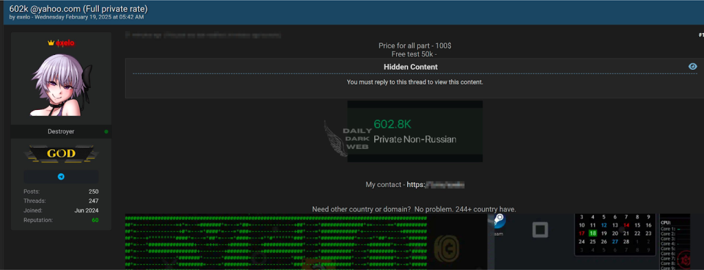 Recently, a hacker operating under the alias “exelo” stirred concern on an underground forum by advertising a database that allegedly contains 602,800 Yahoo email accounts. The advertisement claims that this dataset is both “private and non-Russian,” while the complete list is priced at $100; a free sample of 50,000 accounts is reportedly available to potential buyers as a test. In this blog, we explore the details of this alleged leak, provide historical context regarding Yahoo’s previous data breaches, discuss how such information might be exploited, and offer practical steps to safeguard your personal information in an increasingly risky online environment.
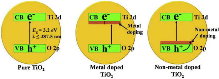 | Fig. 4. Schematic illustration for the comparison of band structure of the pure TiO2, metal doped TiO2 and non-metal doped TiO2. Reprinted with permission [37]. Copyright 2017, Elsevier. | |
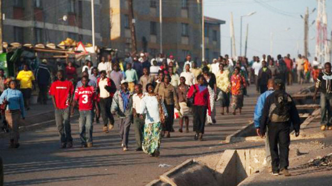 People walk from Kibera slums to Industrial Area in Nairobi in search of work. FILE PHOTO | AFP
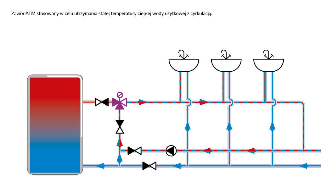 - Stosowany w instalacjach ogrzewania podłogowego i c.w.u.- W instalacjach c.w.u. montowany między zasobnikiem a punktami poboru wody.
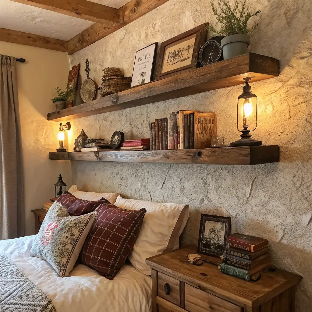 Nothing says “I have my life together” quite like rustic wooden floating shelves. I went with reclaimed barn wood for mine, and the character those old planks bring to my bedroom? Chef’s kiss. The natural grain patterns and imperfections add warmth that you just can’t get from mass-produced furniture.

Your task – With the pictures omitted, print each line of the data above precisely as given.

Answer space –
 Recently, a hacker operating under the alias “exelo” stirred concern on an underground forum by advertising a database that allegedly contains 602,800 Yahoo email accounts. The advertisement claims that this dataset is both “private and non-Russian,” while the complete list is priced at $100; a free sample of 50,000 accounts is reportedly available to potential buyers as a test. In this blog, we explore the details of this alleged leak, provide historical context regarding Yahoo’s previous data breaches, discuss how such information might be exploited, and offer practical steps to safeguard your personal information in an increasingly risky online environment.
 | Fig. 4. Schematic illustration for the comparison of band structure of the pure TiO2, metal doped TiO2 and non-metal doped TiO2. Reprinted with permission [37]. Copyright 2017, Elsevier. | |
 People walk from Kibera slums to Industrial Area in Nairobi in search of work. FILE PHOTO | AFP
 - Stosowany w instalacjach ogrzewania podłogowego i c.w.u.- W instalacjach c.w.u. montowany między zasobnikiem a punktami poboru wody.
 Nothing says “I have my life together” quite like rustic wooden floating shelves. I went with reclaimed barn wood for mine, and the character those old planks bring to my bedroom? Chef’s kiss. The natural grain patterns and imperfections add warmth that you just can’t get from mass-produced furniture.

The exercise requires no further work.